There is something very anti-establishment about West in a very humorous, yet biting way. You can commit the ultimate taboo with his sculptures, you can sit and even play on them. They are also purposely too sexual, too bright, and the opposite of ideal. You talk about wanting to work against the mechanisms of power. What were you thinking of specifically?
Roland Barthes said, “Everywhere where I’m feeling depressed there is some power.”
Roland Barthes was important to you as a young artist.
Yes, very important for some years. His writing is so beautiful, such an absence of every authority, always trying to disperse the sense.
You say that you don’t like the over-intellectualization of art, that you would even be happy to exclude art history from it. Yet, you are a very informed painter, one who knows and seems to relish history.
It’s this sentence from Goethe, “Denken ist interessanter als Wissen, aber nicht als Anschauen,”* I mean. And to look at is so hard! With my painting I want to give a possibility to look, again and again. Maybe in the memory of a viewer these short moments of looking become images.
You said on the phone that this question of history is a difficult one, how to not over- intellectualize it, but not disregard this all together. You said, “The way history is constructed is always a history of power, because the part of society that is in power is writing history, but as human beings we need a memory.” What memory of painting do you sometimes think gets lost in the way art history is conceptualized?
History I’m understanding as a tool to get information about the present. Every generation, every time/epoch has new questions of its own about the present. We are using history as a tool to find answers concerning the present. About your question, I don’t know if things get completely lost in the memory, but for the moment we don’t need them to find answers concerning the present.
How do you think your practice has changed over the last fifteen years, since your early installations at the Venice Biennale in 1990?
The work became more complex in the last seven years, because with a new generation of inkjet printers I found a possibility to print all my photographs I did since the late ’80s, on the plates. So I found a possibility to put into my work all these photographs. These photographs were drafted as paintings. To print then with silkscreen on the plates I could not afford. I’m very happy now with these new inkjet printers printing directly on the plates. I’ll show pieces like these in Indianapolis. The practice with the plates did not change so much since 1990; it seems that I’m feeling more free working with the pieces in the exhibition spaces, so I would say the painting is more loose/relaxed.

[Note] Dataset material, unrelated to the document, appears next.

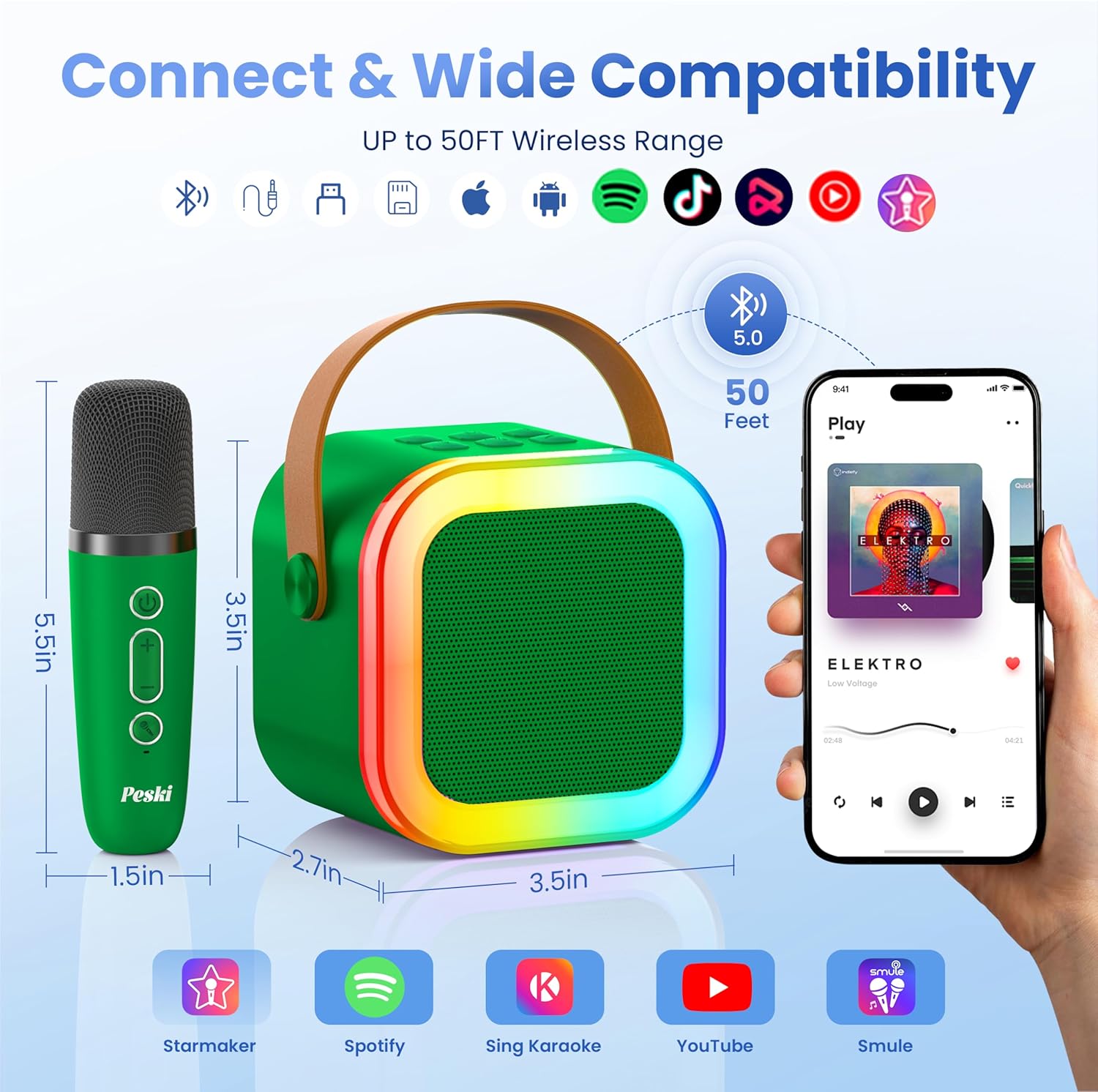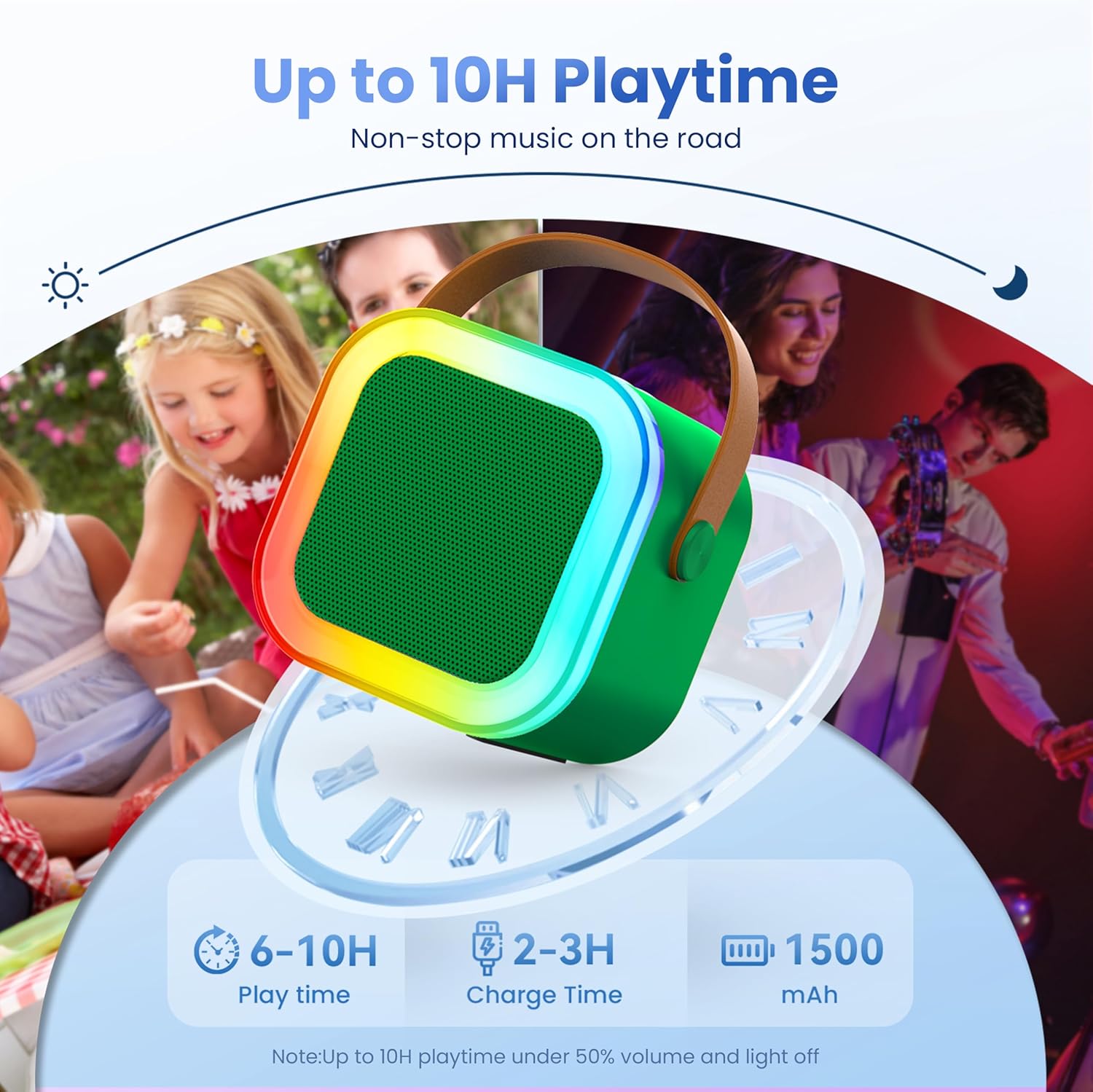 - 【6-10H WORRY-FREE BATTERY LIFE】: Peski's exclusive, long-life rechargeable battery technology. Quicker charging,and it can doubles as a power bank to charge your smartphone/tablet, long-time lasting design in order to make it easy to bring the party with you wherever you go,perfect for parties and family gatherings!

Our conversation has focused primarily on the painting, what painting can do and not do, how it can be pushed and pulled. Do you think this is the appropriate question to be asking? Have I missed something?
I don’t know. Of course, we could go on and on with this interview, we could talk more about photography, fleetingness, memory, presence, light, colors, surface, work in progress, about time, beauty, chance, transience, illusion. There would always be something missed; if not, my work would be boring. And, of course, my intentions, questions, doubts concerning those I’ve had since the beginning in 1980. How can I go on with painting, what is possible with painting, how I can show the world around us and in us.
What are you planning for Indianapolis?
In Indianapolis I want to show new works, not only monochrome ones. I’ll show also works with photographic images, which makes the whole thing we are talking about more complex. It’s hard to talk about now before the show is done.
* To think is more interesting than to know, but not more (interesting) than to behold.